2.2 The lm function

The function lm is the workshorse for fitting linear models. It takes as input a formula: suppose you have a data frame containing columns x (a regressor) and y (the regressand); you can then call lm(y ~ x) to fit the linear model \(y = \beta_0 + \beta_1x + \varepsilon\). The explanatory variable y is on the left hand side, while the right hand side should contain the predictors, separated by a + sign if there are more than one. If you provide the data frame name using data, then the shorthand y ~ . fits all the columns of the data frame (but y) as regressors.

To fit higher order polynomials or transformations, use the I function to tell R to interpret the input “as is”. Thus, lm(y~x+I(x^2)), would fit a linear model with design matrix \((\boldsymbol{1}_n, \mathbf{x}^\top, \mathbf{x}^2)^\top\). A constant is automatically included in the regression, but can be removed by writing -1 or +0 on the right hand side of the formula.

The lm output will display OLS estimates along with standard errors, \(t\) values for the Wald test of the hypothesis \(\mathrm{H}_0: \beta_i=0\) and the associated \(P\)-values. Other statistics and information about the sample size, the degrees of freedom, etc., are given at the bottom of the table.

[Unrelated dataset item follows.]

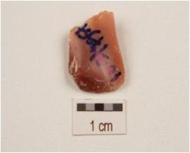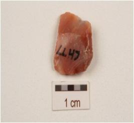 | Description / विवरण | A flake made on chert, use wear marks on edges and bulb on ventral. |

Many methods allow you to extract specific objects. For example, the functions coef, resid, fitted, model.matrix will return \(\hat{\boldsymbol{\beta}}\), \(\boldsymbol{e}\), \(\hat{\boldsymbol{y}}\) and \(\mathbf{X}\), respectively.

##  [1] "coefficients"  "residuals"     "effects"       "rank"         
##  [5] "fitted.values" "assign"        "qr"            "df.residual"  
##  [9] "xlevels"       "call"          "terms"         "model"
##  [1] "call"          "terms"         "residuals"     "coefficients" 
##  [5] "aliased"       "sigma"         "df"            "r.squared"    
##  [9] "adj.r.squared" "fstatistic"    "cov.unscaled"

The following simply illustrates what has been derived in Exercise series 2. R has devoted functions that are coded more efficiently.

2.2.1 Singular value decomposition

The SVD decomposition in R returns a list with elements u, d and v. u is the orthonormal \(n \times p\) matrix, d is a vector containing the diagonal elements of \(\mathbf{D}\) and v is the \(p \times p\) orthogonal matrix. Recall that the decomposition is \[\mathbf{X} = \mathbf{UDV}^\top\] and that \(\mathbf{VV}^\top= \mathbf{V}^\top\mathbf{V}=\mathbf{U}^\top\mathbf{U}=\mathbf{I}_p\). The matrix \(\mathbf{D}\) contains the singular values of \(\mathbf{X}\), and the diagonal elements \(\mathrm{d}_{ii}^2\) corresponds to the (ordered) eigenvalues of \(\mathbf{X}^\top\mathbf{X}\).

The following shows how to use the SVD decomposition in R. This material is optional and provided for reference only.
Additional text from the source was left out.